A preocupação foi colocada aos deputados da 6ª Comissão da Assembleia Nacional que visitaram o Ministério da Educação para aferir, in loco, o seu funcionamento, dificuldades e apontar soluções para o sector da educação

POR: Iracelma Kaliengue

A ministra da Educação, Maria Cândida Teixeira, admitiu, ontem, em Luanda, que a fatia do Orçamento Geral do Estado (OGE) 2018 atribuída ao sector não satisfaz todas as preocupações, mas acredita que as questões mais urgentes serão resolvidas paulatinamente. Segundo a ministra que narrava a situação do sector aos deputados da 6ª Comissão, o Governo e os parceiros sociais deverão encontrar mecanismos para se pôr fim ao fenómeno das crianças fora do sistema de ensino, cujos números aumentam todos os anos. Maria Cândida Teixeira mostrou- se preocupada com o número de escolas inacabadas por falta de verbas, e declarou que sob a orientação do Presidente da República estão a ser feitos levantamentos sobre escolas inacabadas e que não constam no sistema, com vista solucionar o problema.

Apontou que existem no país escolas a serem construídas cujas obras estão paralisadas há mais de cinco anos.

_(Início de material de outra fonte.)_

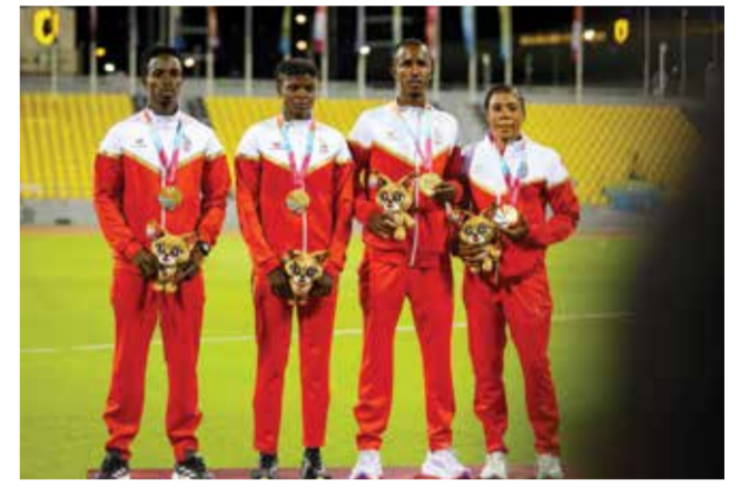
○ تتويج فريق التتابع المختلط

Recordou que a conclusão das referidas infra-estruturas no sector de educação contribuirá para a inserção de mais alunos no sistema de ensino, tendo em conta que cerca de 80 mil encontram-se fora do sistema no presente ano lectivo. Sobre o diploma da carreia de agentes da educação recentemente aprovado, a ministra disse que se pretende com o mesmo ajustar as carreiras e categorias à nova estrutura dos subsistemas de Ensino Geral, do Ensino Técnico-Profissional, de Educação de Adultos,do Ensino Secundário Pedagógico e das diferenciadas modalidades de educação. O sector pretende, assim, melhorar o perfil de cada categoria e os requisitos de provimento.

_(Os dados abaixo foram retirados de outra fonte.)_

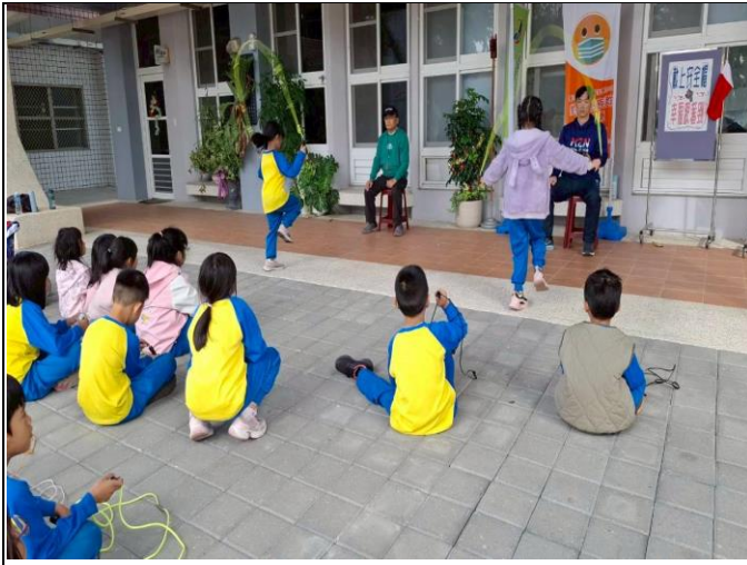
說明：新光國小第1屆健促盃跳繩錦標賽-預賽1

Já o vice-presidente da 6ª Comissão, Pereira Alfredo, no final do encontro, disse que as dificuldades apresentadas são conjunturais, tendo na ocasião afirmado que foi possível sentir o engajamento do Ministério dentro daquilo que são as verbas disponibilizadas para o sector. Afirmou que saiu da reunião com propostas satisfatórias sobre os grandes objectivos nacionais apresentados pela ministra da Educação no sentido de melhorar o sector. Garantiu que enquanto Parlamento, trabalhará para a criação de condições de apoio para que haja mais envolvimento de todas as forças vivas que concorrem para a melhoria do sistema da educação. “Vamos continuar a apelar aos parceiros sociais de formas a encontrarem soluções devidas, no sentido de revertermos o actual quadro caracterizado pela existência de um grande número de crianças que estão ainda fora do sistema de ensino e fundamentalmente garantir qualidade em todo o sistema, quer seja público ou privado”, sublinhou.

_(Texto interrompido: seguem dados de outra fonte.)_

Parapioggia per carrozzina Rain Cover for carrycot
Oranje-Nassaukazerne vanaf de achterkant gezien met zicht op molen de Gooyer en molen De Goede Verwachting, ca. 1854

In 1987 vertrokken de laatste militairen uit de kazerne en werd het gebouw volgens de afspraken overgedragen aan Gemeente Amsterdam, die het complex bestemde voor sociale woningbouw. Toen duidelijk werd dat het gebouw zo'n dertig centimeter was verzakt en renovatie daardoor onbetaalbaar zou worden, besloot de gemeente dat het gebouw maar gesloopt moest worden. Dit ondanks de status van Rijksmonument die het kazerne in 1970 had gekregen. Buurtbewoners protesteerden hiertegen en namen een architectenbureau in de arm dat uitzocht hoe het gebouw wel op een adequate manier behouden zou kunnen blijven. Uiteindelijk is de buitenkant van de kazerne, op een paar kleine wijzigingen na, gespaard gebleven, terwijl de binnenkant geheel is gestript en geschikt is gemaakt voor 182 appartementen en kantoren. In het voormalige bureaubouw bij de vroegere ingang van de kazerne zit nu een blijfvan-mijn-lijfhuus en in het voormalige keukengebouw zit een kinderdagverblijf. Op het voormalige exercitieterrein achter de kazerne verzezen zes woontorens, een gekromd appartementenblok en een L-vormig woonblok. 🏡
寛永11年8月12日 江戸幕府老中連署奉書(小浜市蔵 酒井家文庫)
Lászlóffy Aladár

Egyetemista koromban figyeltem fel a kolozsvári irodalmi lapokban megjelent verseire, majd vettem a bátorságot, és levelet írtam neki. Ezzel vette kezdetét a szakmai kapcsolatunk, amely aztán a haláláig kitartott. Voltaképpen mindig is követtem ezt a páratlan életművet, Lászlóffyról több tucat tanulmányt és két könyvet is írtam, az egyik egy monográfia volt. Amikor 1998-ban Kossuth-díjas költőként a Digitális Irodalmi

O encontro serviu para, de forma geral, apurar a situação actual do Ministério a nível nacional. Os deputados colocaram questões relacionadas às infra-estruturas inacabadas em todo o país, sobre o plano de execução e desenvolvimento do programa da reforma educativa e o de desenvolvimento da educação. À ministra, os deputados solicitaram uma explicação detalhada sobre o concurso público para a contratação de pelo menos 20 mil professores. E ainda quiseram saber, ao pormenor, o nível de preparação do Estatuto da Carreia docente do professor não universitário.